Dashdorzhiin Natsagdorzh

Natsagdorzh, Dashdorzhiin

 

Born circa Nov. 17, 1906, in Baian-Delger, Central Aimak; died July 13, 1937, in Ulan Bator. Mongolian writer. Member of the Mongolian People’s Revolutionary Party from 1922.

Natsagdorzh was educated in the USSR (Leningrad, 1925) and in Germany (Berlin, Leipzig, 1926–29). He turned to socialist realism after having mastered the best traditions of Mongolian literature and assimilated the Russian classics, Soviet literature, and European literature.

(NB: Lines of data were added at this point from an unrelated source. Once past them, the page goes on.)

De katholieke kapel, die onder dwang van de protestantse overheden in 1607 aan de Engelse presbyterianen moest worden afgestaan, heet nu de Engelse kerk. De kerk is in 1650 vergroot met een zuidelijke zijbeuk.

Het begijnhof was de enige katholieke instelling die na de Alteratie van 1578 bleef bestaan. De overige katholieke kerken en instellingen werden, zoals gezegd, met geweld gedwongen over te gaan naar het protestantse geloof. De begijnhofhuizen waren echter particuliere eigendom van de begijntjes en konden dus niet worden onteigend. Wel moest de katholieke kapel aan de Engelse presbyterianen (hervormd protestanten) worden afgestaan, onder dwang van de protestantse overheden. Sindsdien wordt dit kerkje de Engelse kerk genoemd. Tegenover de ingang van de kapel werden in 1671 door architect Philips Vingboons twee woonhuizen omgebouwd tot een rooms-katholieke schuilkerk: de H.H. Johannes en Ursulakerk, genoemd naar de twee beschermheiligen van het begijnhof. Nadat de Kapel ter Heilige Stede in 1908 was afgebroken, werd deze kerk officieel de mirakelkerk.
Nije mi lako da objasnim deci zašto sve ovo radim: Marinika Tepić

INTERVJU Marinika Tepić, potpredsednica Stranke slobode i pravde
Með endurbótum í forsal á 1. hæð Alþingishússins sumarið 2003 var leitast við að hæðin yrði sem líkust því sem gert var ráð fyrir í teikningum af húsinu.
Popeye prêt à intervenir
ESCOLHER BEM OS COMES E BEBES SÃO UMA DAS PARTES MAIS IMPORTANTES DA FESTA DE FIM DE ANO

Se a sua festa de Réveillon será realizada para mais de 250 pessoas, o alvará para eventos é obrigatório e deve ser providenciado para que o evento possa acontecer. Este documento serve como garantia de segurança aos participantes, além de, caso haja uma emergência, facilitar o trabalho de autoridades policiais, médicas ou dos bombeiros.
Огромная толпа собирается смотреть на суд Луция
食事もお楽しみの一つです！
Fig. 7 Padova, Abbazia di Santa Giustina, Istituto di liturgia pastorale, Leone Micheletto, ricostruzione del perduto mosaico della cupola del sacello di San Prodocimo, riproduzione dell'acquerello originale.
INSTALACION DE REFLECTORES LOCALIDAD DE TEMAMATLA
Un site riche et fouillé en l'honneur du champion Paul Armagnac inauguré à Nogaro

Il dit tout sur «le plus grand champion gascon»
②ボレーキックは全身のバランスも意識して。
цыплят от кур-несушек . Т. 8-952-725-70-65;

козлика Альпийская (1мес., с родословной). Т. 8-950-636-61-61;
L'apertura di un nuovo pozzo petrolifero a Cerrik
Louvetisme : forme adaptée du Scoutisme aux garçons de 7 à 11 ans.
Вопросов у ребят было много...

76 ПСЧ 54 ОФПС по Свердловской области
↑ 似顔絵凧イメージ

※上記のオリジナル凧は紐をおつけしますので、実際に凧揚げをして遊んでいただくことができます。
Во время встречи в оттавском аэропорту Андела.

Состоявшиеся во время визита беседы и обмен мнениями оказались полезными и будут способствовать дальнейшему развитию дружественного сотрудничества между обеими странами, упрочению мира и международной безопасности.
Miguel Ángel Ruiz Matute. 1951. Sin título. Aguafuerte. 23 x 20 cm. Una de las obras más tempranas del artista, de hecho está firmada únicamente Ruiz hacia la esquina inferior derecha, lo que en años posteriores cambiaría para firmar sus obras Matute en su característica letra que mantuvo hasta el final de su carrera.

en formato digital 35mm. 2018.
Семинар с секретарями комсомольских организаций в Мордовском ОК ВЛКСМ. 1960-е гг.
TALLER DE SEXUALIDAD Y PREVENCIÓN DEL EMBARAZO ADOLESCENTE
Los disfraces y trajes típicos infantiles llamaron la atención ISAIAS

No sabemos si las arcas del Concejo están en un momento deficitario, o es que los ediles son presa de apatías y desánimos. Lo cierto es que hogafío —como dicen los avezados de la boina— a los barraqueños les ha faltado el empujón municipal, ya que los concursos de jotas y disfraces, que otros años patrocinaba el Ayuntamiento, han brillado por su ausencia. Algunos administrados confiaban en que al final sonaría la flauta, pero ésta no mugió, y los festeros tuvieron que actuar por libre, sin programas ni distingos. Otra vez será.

The inner world of man is at the center of his work. One of the founders of contemporary Mongolian literature, Natsagdorzh is best known for his poems “My Homeland” (1934; Russian translation, 1956) and “Four Seasons” (1934; Russian translation, 1956), his propaganda verse cycle Health, his short stories “The Lama’s Tears” (1930) and “Son of the Old World” (1930), his lyrical prose miniatures Village Beauty, and his musical drama At the Three Hills (1934; Russian translation, 1956). In 1966 the Mongolian People’s Republic instituted the Natsagdorzh Prize, the republic’s highest literary award. The Natsagdorzh Memorial Museum has been opened in Ulan Bator, where a monument to Natsagdorzh has also been erected (sculptor L. Makhbal).

WORKS

In Russian translation: Izbrannoe. Moscow, 1956.
“Stikhi.” In K solntsu! Stikhi mongol’skikh poetov. Moscow, 1969.

REFERENCES

Mikhailov, G., and K. Iatskovskaia. Mongol’skaia literatura. Moscow, 1969.
Iatskovskaia, K. N. Dashdorzhiin Natsagdorzh. Moscow, 1974.
Sodnom, B. Dashdorzhiin Natsagdorzhiin namtar zokhiol. Ulan Bator, 1966.